|
|
|
|
|
by agentifysh
55 days ago
|
|
Until there is some drastic new hardware, we are going to see a similar situation to proof of work, where a small group hordes the hardware and can collude on prices. Difference is that the current prices have a lot of subsidies from OPM Once the narrative changes to something more realistic, I can see prices increase across the board, I mean forget $200/month for codex pro, expect $1000/month or something similar. So its a race between new supply of hardware with new paradigm shifts that can hit market vs tide going out in the financial markets. |
|
For inference, there is already a 10x improvement possible over a setup based on NVIDIA server GPUs, but volume production, etc... will take a while to catch up.

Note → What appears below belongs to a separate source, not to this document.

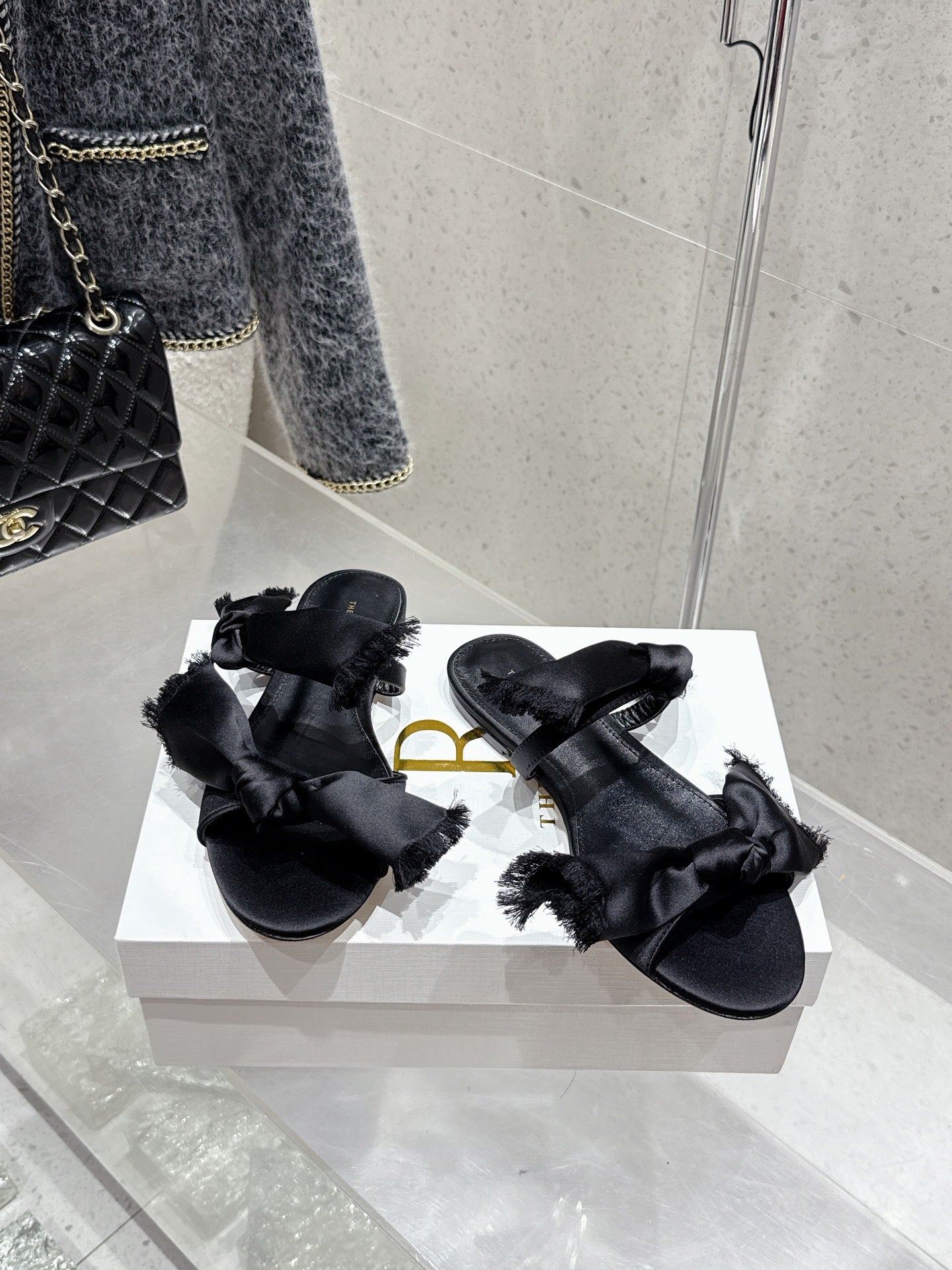 The Row Mule Sandals Black Satin And Sheepskin 338380

During inference the model weights are static, so they can be stored in High Bandwidth Flash (HBF) instead of High Bandwidth Memory (HBM). Flash chips are being made with over 300 layers and they use a fraction of the power compared to DRAM.
NVIDIA GPUs are general purpose. Sure, they have "tensor cores", but that's a fraction of the die area. Google's TPUs are much more efficient for inference because they're mostly tensor cores by area, which is why Gemini's pricing is undercutting everybody else despite being a frontier model.
New silicon process nodes are coming from TSMC, Intel, and Samsung that should roughly double the transistor density.
There's also algorithmic improvements like the recently announced Google TurboQuant.
Not to mention that pure inference doesn't need the crazy fast networking that training does, or the storage, or pretty much anything other than the tensor units and a relatively small host server that can send a bit of text back and forth.